While Steam may continue being strong under Gabes leadership. Who is to say he wont sell out? Perhaps to EA!!! I am sure EA would want to get their grubby mitts on Steam.
 
If EA bought Steam, then steam going bankrupt would be a possibility :P I can see hordes of people uninstalling it or trying to get their games away from it haha.

Doesnt EA have some part in Origin?
 
If you read the steam terms and conditions what you're actually buying is a subscription that they can revoke at any time :eek:

Steam and your Subscription(s) require the automatic download and installation of Software onto your computer. Valve hereby grants, and you accept, a limited, terminable, non-exclusive license and right to use the Software for your personal use in accordance with this Agreement, including the Subscription Terms. The Software is licensed, not sold. Your license confers no title or ownership in the Software. To make use of the Software, you must have a Steam Account and you may be required to be running the Steam client and maintaining a connection to the Internet.
 
So what happens if you purchase a retail copy from a supermarket, games store, amazon or from another website, do we not own it then?
 
you own the media and a licence to use the code, not the software itself. So if it needs their servers to activate or run your still stuffed if they go bust
 

But in practice it doesnt matter because, titles with activation aside, once you get into your house with your physical media the entire internet could explode, the company could go bust and everyone on the planet but you could die and you'd still be able to play it. The fact it isnt 'yours' is just a technicality rather than a very real issue in the way Steam is.
 
[TW]Fox;23425240 said:
But in practice it doesnt matter because, titles with activation aside, once you get into your house with your physical media the entire internet could explode, the company could go bust and everyone on the planet but you could die and you'd still be able to play it. The fact it isnt 'yours' is just a technicality rather than a very real issue in the way Steam is.

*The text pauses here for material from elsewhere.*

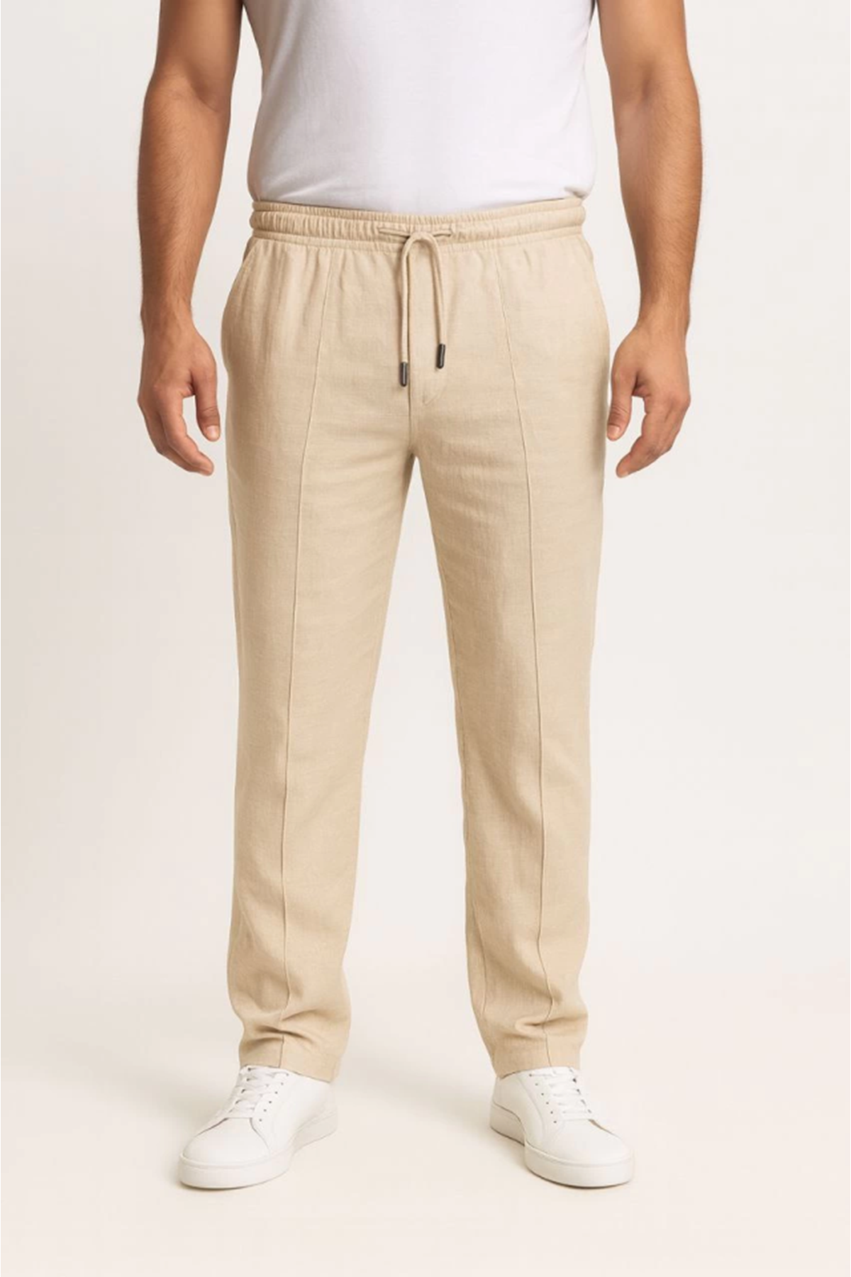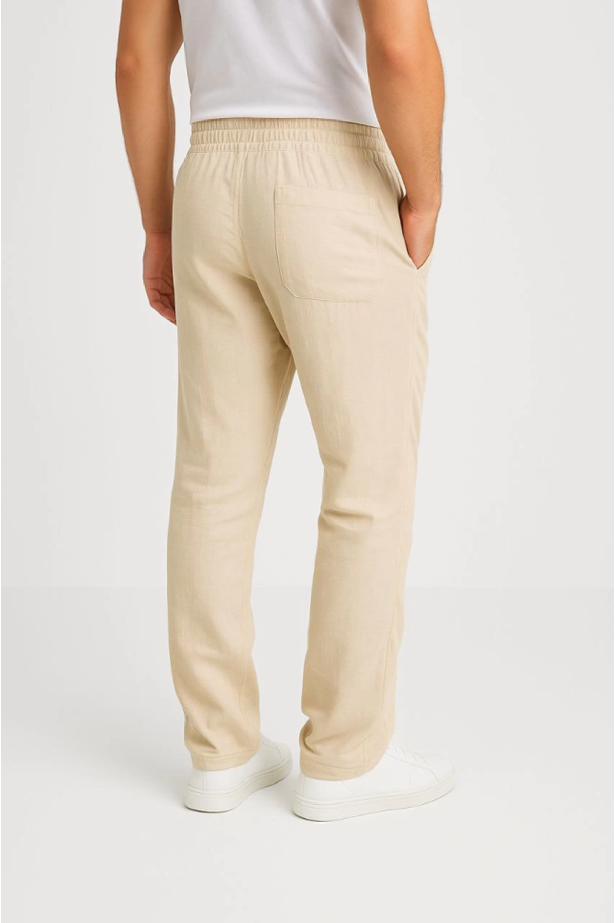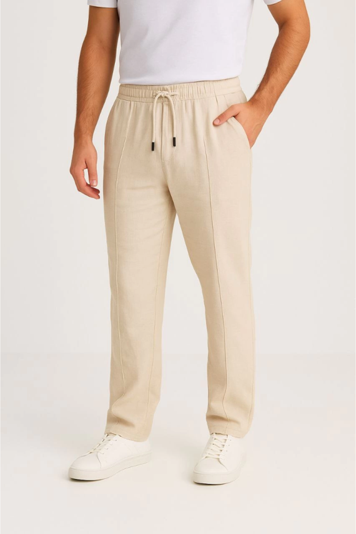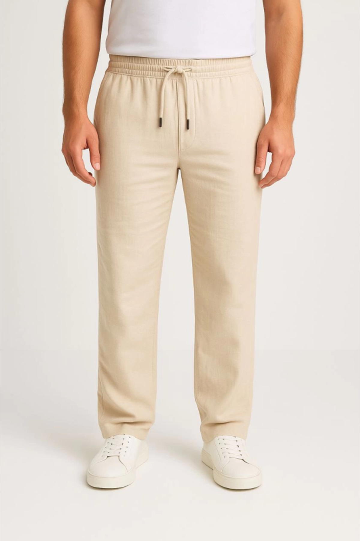 Erkek Keten Pantolon – Cepli, Beli Lastikli Ve Bağcıklı, Nefes Alan Rahat Kalıp, Yazlık Ve Baharlık Günlük Giyim, Şık - Konforlu Boru Paça Model - Bej

Steam in offline mode :D Can still play then, providing it's not online.
 
If Steam vanishes we're all screwed. Valve would have to slowly lose their stranglehold on the PC gaming market for them not to be in a position to be bought out in the event they somehow ran out of money. However at the moment they've got a license to print money (Gabe is up there with the richest) so the chances of that happening just seem so slim.
 
I'd disagree with that. I once got Medieval: Total War in a Steam sale for £1.49. It was a 12GB download. Servers and bandwidth costs money and I don't see how Steam turned a profit on that sale.

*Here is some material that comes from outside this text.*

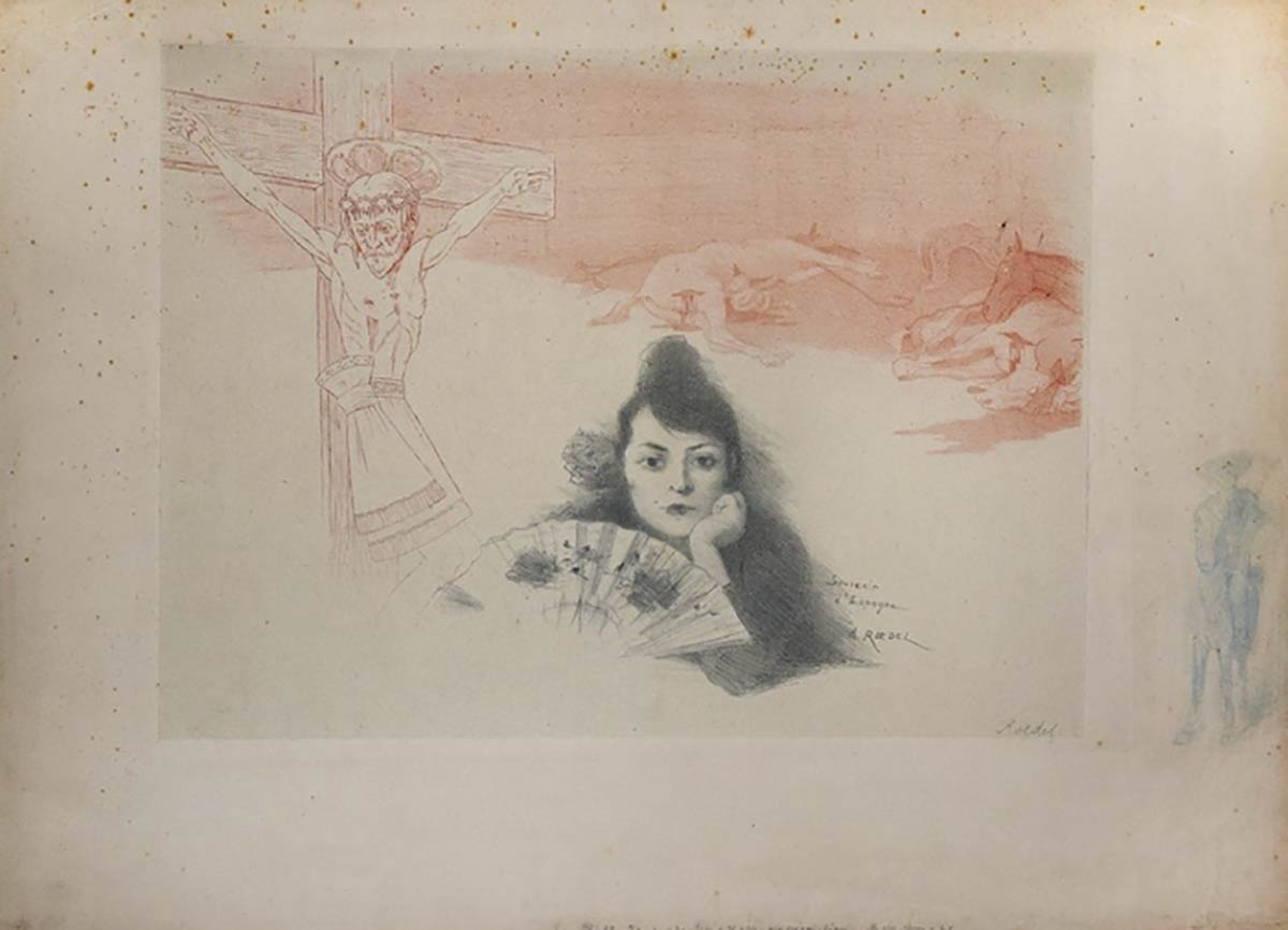 "Souvenir d'Espagne" è un'opera d'arte originale realizzata da Auguste Roedel nel 1903. Litografia con disegno a matita sul margine centrale inferiore. Firmata a matita dall'artista in basso a destra. Passepartout incluso. Discrete condizioni salvo qualche fioritura al margine superiore. Opera molto interessante che rappresenta una figura femminile con Cristo a sinistra e alcuni animali a destra. L'artista incluse nell'immagine alcuni ricordi spagnoli. L'opera è stata realizzata dall'artista francese Auguste Roedel (nato nel 1859).

Valve/Steam probably pay a bit more for their hosting but to put it into perspective my servers are on a pretty good host and unlimited 100Mbit is under £200/m and if I was paying overage then 12GB would cost pence. (this is a good quality host with multiple 10Gig connections and you actually see full throughput on a 100Mbit NIC 99% of the time).

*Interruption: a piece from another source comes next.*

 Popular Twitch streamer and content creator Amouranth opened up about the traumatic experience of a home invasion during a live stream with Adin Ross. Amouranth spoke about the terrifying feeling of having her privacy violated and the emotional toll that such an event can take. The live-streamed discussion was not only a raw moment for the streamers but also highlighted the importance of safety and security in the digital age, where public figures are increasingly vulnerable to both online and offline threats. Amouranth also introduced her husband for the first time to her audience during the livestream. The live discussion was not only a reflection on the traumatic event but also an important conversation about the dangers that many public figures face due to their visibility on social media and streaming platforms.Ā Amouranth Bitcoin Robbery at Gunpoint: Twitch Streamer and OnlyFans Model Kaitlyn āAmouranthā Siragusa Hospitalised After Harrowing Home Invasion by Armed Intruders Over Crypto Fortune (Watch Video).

Sadly there are still people who pay incredible amounts of money for "professional" hosting and 20-30GB would cost them £10s or even £100 :|
 
People are speaking as though Valve will go bust any time soon (such as 'install all your games just in case') lol. People also claim Gabe will sell out to EA, when Valve make him more money in a year than what he'd ever get paid for his company. Yep, this has the makings of a mindblowing thread.